*** Input ***

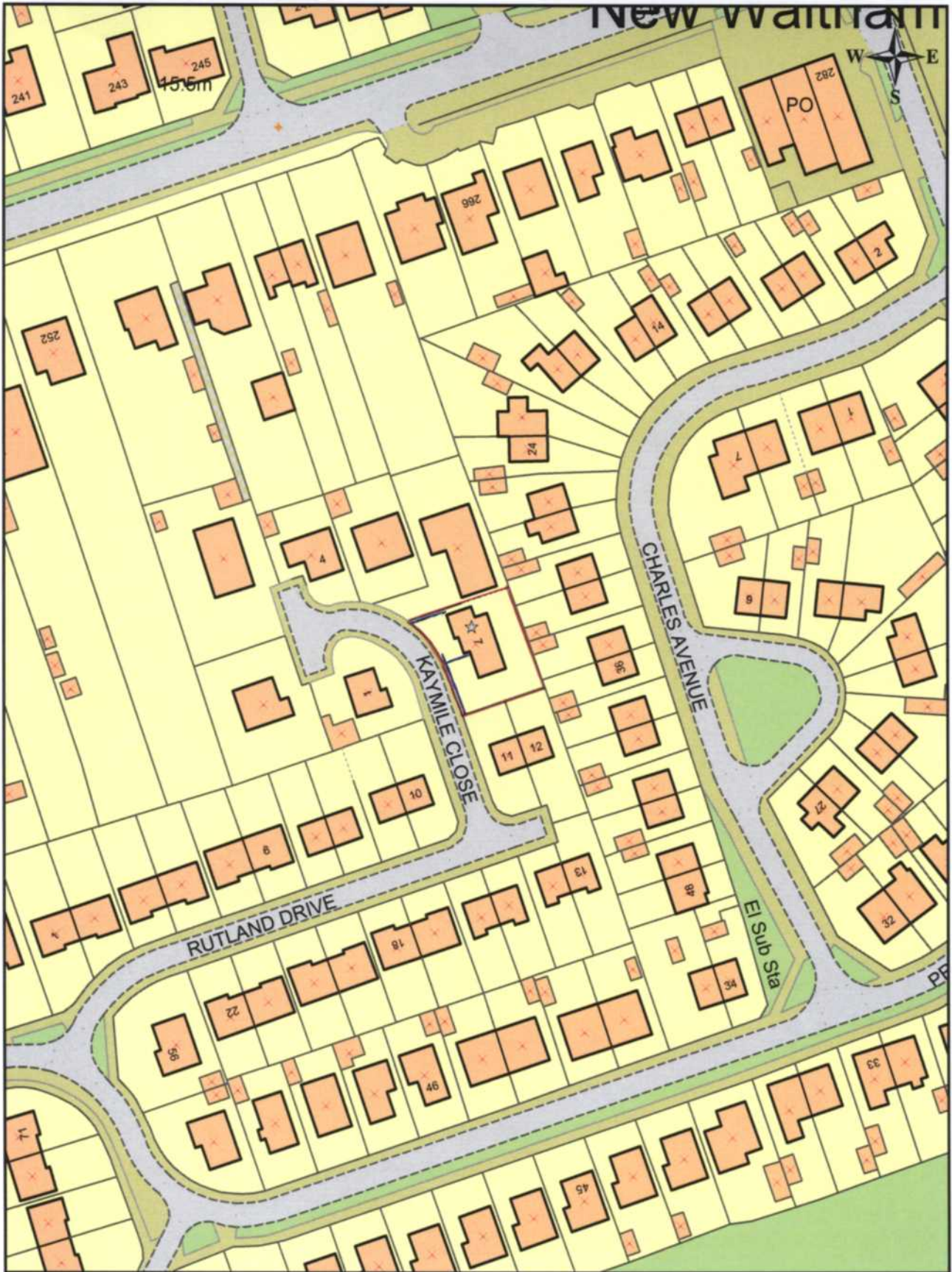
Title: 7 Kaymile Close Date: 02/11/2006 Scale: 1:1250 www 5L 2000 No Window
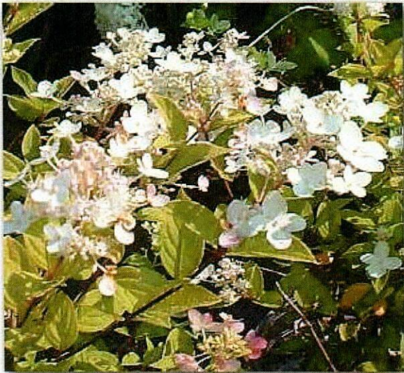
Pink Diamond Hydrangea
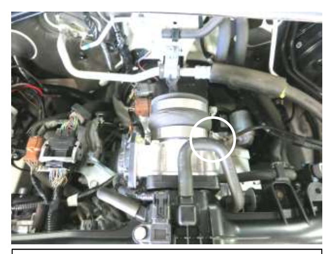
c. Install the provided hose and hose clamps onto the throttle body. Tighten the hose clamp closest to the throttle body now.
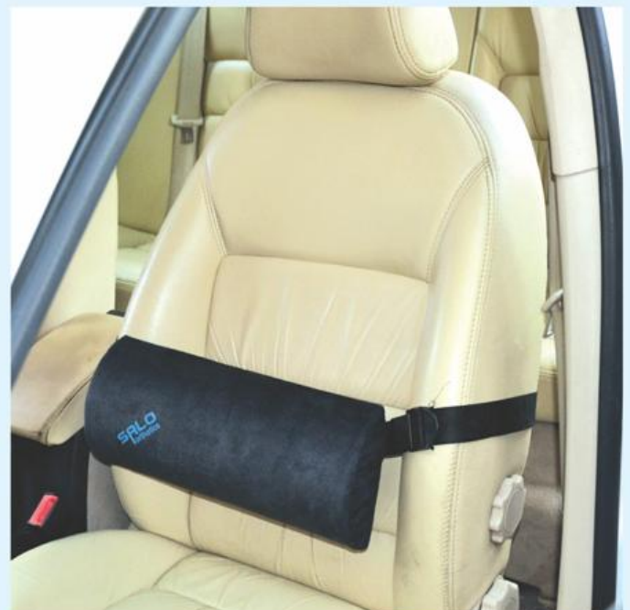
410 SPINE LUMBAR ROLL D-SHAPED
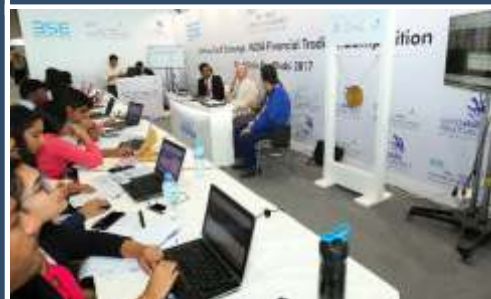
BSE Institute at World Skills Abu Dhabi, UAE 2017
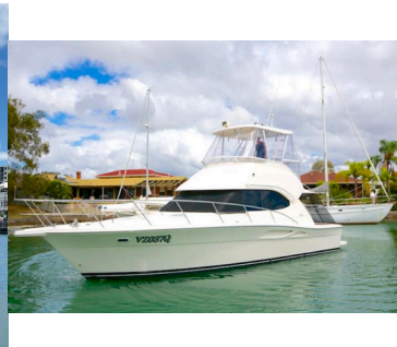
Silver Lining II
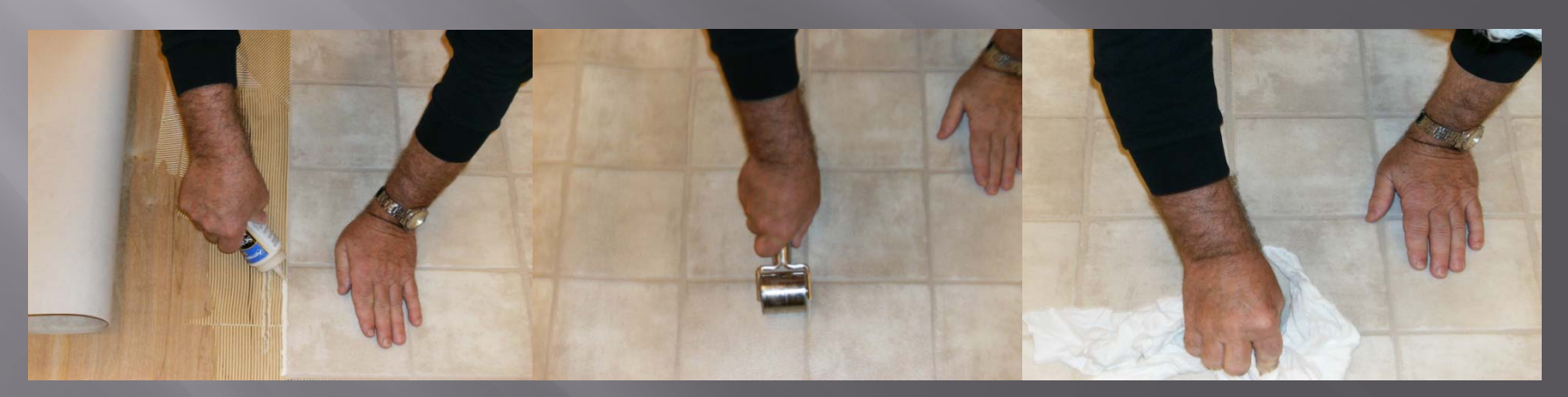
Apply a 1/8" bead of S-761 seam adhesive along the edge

***
*** Input ***

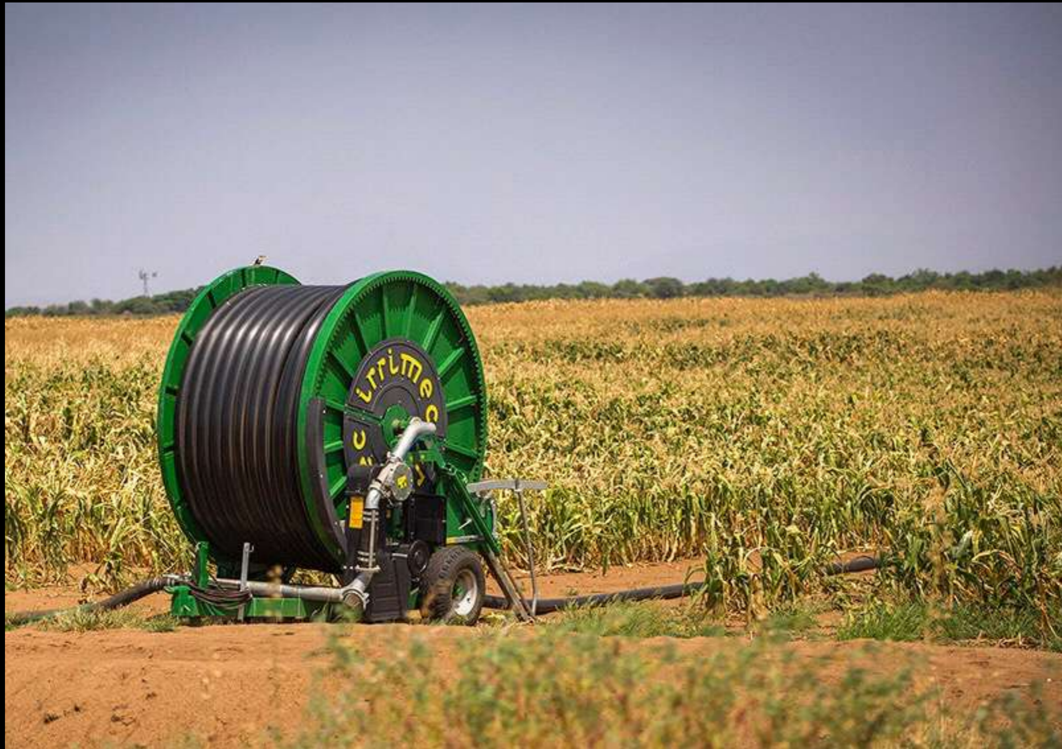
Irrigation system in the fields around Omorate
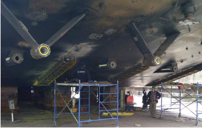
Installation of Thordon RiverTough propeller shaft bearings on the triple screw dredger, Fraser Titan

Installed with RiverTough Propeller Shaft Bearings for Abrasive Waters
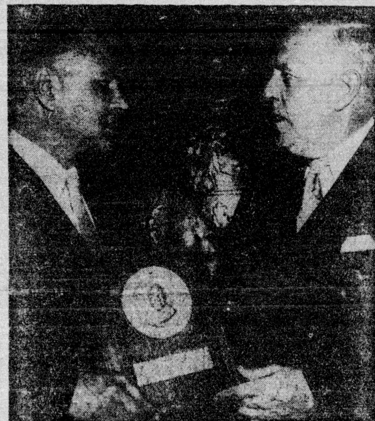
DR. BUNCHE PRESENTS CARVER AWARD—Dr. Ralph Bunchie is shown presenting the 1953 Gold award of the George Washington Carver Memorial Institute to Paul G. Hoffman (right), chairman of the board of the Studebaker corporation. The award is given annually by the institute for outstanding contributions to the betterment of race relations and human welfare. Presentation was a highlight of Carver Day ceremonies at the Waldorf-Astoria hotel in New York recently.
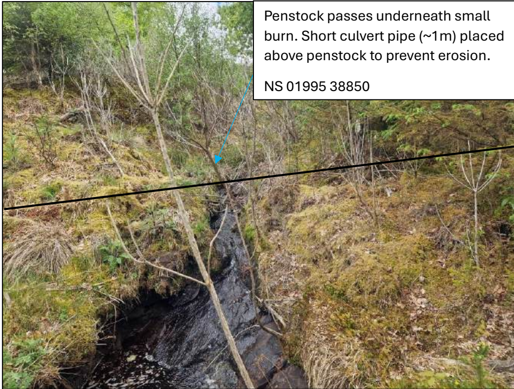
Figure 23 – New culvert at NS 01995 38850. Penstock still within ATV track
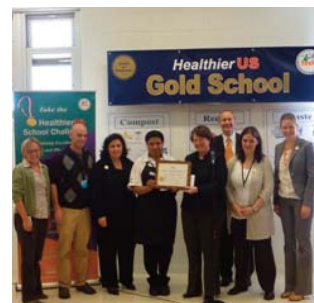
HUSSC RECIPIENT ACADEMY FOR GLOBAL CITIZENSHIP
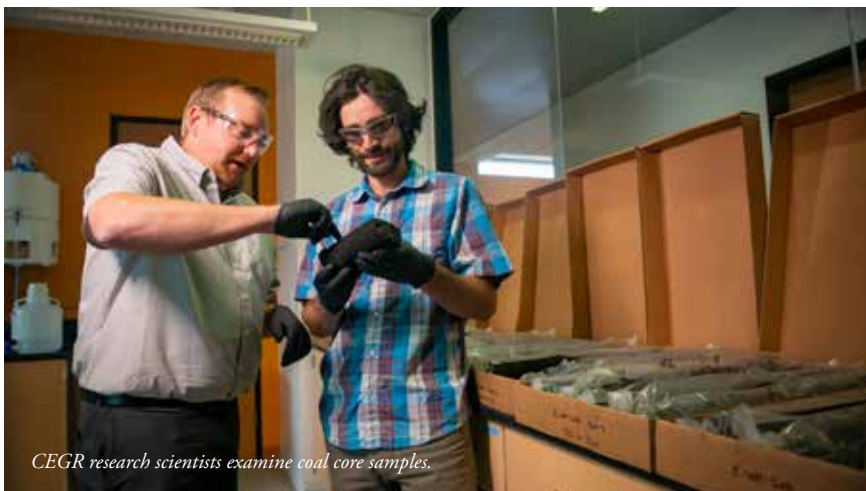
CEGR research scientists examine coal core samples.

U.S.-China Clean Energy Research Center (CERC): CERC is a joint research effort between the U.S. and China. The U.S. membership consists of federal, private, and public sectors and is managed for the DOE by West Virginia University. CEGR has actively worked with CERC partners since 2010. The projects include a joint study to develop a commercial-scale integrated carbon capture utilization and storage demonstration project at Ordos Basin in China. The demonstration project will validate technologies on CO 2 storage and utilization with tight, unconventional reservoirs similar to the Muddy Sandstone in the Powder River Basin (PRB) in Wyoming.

***

Using the records above, print exactly the run of lines that starts with the line with "Title: 7 Kaymile" and goes on through the line with "along the edge", pictures excluded.

Title: 7 Kaymile Close Date: 02/11/2006 Scale: 1:1250 www 5L 2000 No Window
Pink Diamond Hydrangea
c. Install the provided hose and hose clamps onto the throttle body. Tighten the hose clamp closest to the throttle body now.
410 SPINE LUMBAR ROLL D-SHAPED
BSE Institute at World Skills Abu Dhabi, UAE 2017
Silver Lining II
Apply a 1/8" bead of S-761 seam adhesive along the edge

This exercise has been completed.